The people who knew Jesus saw him as a healer, that is, one who could restore a new spiritedness to people, and give meaning to their lives that had been cut-off, deafened to the proclamation that God is love, and human beings have dignity and worth. The people bring to Jesus a man who is deaf. Of course, people who are deaf usually cannot speak or at least have some kind of speech impediment that comes from not being able to hear. You can’t hear; you usually can’t speak. In the story Jesus takes the man aside, spits, and touches the man’s tongue. Spittle was a part of the folk healing process of the time. Spitting was believed to divert evil spirits, or the evil eye. Jesus then says in the Aramaic, “Ephphatha,” which means “Be opened.” Mark keeps the Aramaic word “Ephphatha,” because that was the word with the power of healing. The man is immediately able to hear, as well as then able to speak.
In this time, there was little concern with how did Jesus do that. Only modern people are concerned about the science behind the healing. The people of this time simply rejoiced in the healing, the miracle, the spirituality of the occasion, and saw that Jesus was giving new meaning and hope to a man’s life that had previously been an expendable person of no use, and unworthy by virtue of his impediment to enter the Jerusalem Temple.

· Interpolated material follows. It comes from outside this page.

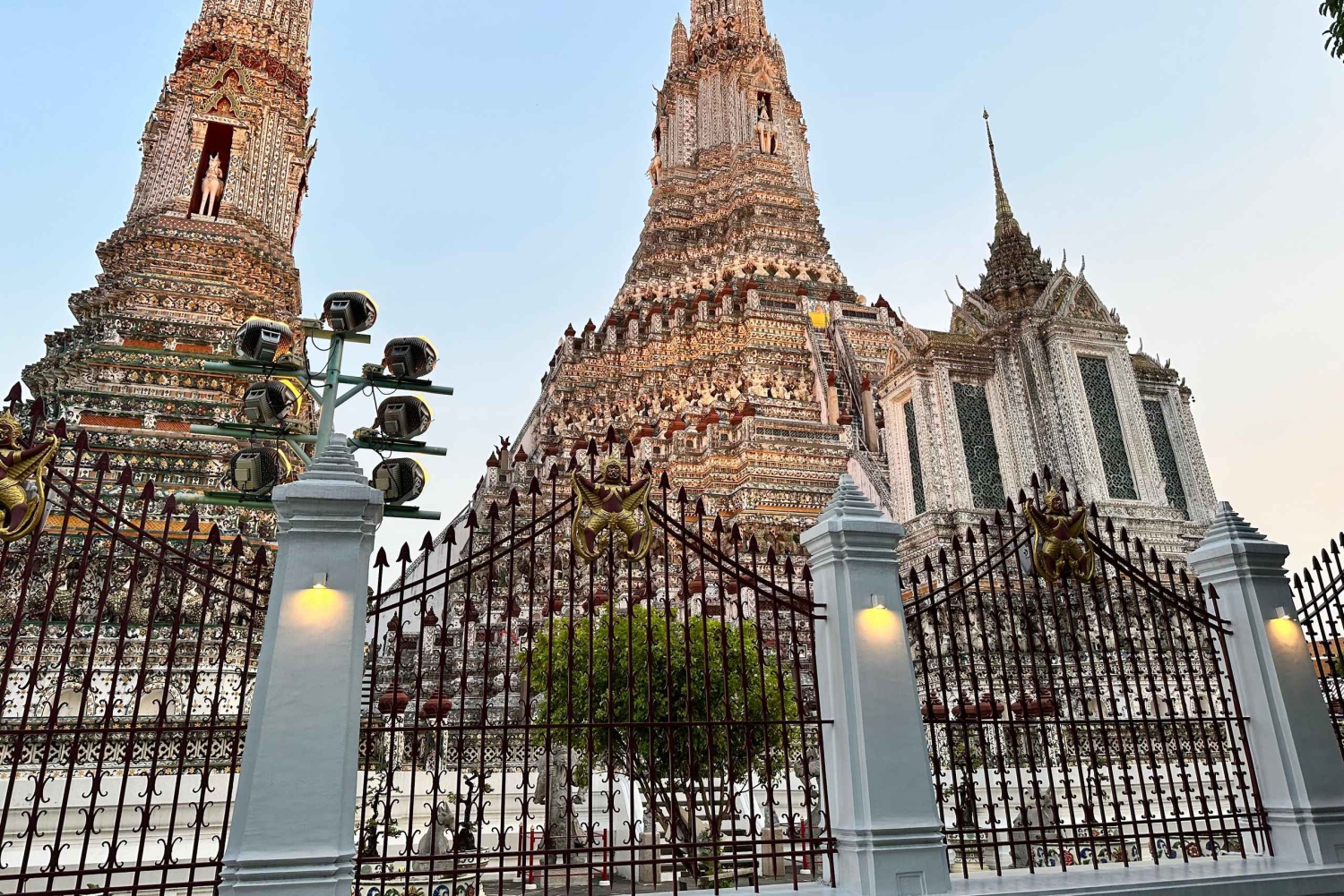 Vi ger oss ut på en spännande sightseeingresa genom att gå ombord på en färja nära mötesplatsen för att utforska 'Gryningens tempel' från utsidan. Hoppa på ett traditionellt Tuk Tuk-fordon som körs av våra vänliga chaufförer och besök Bangkoks mest ikoniska tempel och palats efter solnedgången för ett förtrollande sightseeingäventyr. Vi stannar till och utforskar den livliga gobelängen på Bangkoks största blomstermarknad (Pak Klong Talad), där ett stort utbud av naturens skönhet blomstrar och du kan njuta av blommornas doftande skönhet genom att lära dig att vika lotusblomman. Utforska den inre smutsiga passagen på marknaden. Slutligen kommer du att få prova en utsökt måltid och efterrätt för att tillfredsställa dina begär med en utsökt fest i hjärtat av Chinatown, en kulinarisk himmel där du kan smaka på en mängd läckra rätter som får munnen att vattnas och som kommer att tända dina smaklökar och lämna dig sugen på mer.Includes

It was a sign that God had come to his people to restore, redeem, and reclaim the least, last, and lost. It is a sign of the new age.
Just a little later in Mark’s gospel (8:22f) is another story of Jesus healing a blind man, and again Jesus uses the spittle and touches the man’s eyes. And the man is able to see. You see here how Mark is telling how the blind are seeing, and the deaf are hearing, and the tongue of the speechless sings for joy. An expendable people who have been ostracized and excommunicated have come to be restored through Jesus Christ to hear, to see, to experience, and to proclaim the fact that God does indeed come to them with his mercy, compassion, and love. While Jesus seems to want this news contained at least for the moment, the crowds proclaim this messianic moment or event. Their spiritual desert is coming into bloom.

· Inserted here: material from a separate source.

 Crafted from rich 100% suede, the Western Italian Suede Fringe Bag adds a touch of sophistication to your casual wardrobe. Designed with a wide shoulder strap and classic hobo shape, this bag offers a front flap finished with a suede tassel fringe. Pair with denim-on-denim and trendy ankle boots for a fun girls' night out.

The Epistle of James today addresses the issue that the discipleship of Christ is not merely to be hearers of the word, but to be doers of the word. Today at this picnic we want to give thanks and to make note of some people who do their part in this parish to enable our children and young people to hear the message of God’s redeeming love and presence. These people are our Sunday School teachers and youth leaders. They do their part throughout the year to help children, who might be otherwise preoccupied or distracted to hear the message of the great, wonderful, and miraculous story of God coming to his people in Jesus Christ. Many of our people have participated in the Sunday School for a number of years, and I wish that many more of you could see the significant outlay of energy and effort that has gone into some of our recent Bible School Programs. We should all be extraordinarily grateful for their work, their commitment, their devotion.
What I have also seen happening, is that some of our young people, through the witness of the adult teachers, have also through the learning process been very helpful with helping ministries with the younger children. You see how it works. Each of us in our teaching ministries, enable others like our children to hear the message of God’s love in Christ. Through that witness many of these youngsters go on to carry the message themselves: the tongues of the once speechless sing for joy.
Today, we wish to honor those who have had a part in the teaching ministry of this parish. We also want to declare the importance of that teaching ministry by clearly making us all aware that it is an important ministry of helping our children and youth to hear the Gospel, of bestowing upon our children their intrinsic worth in the life of the parish so that they may also carry on the message of God’s redeeming love revealed through the life, death, and resurrection of our Lord, Jesus Christ.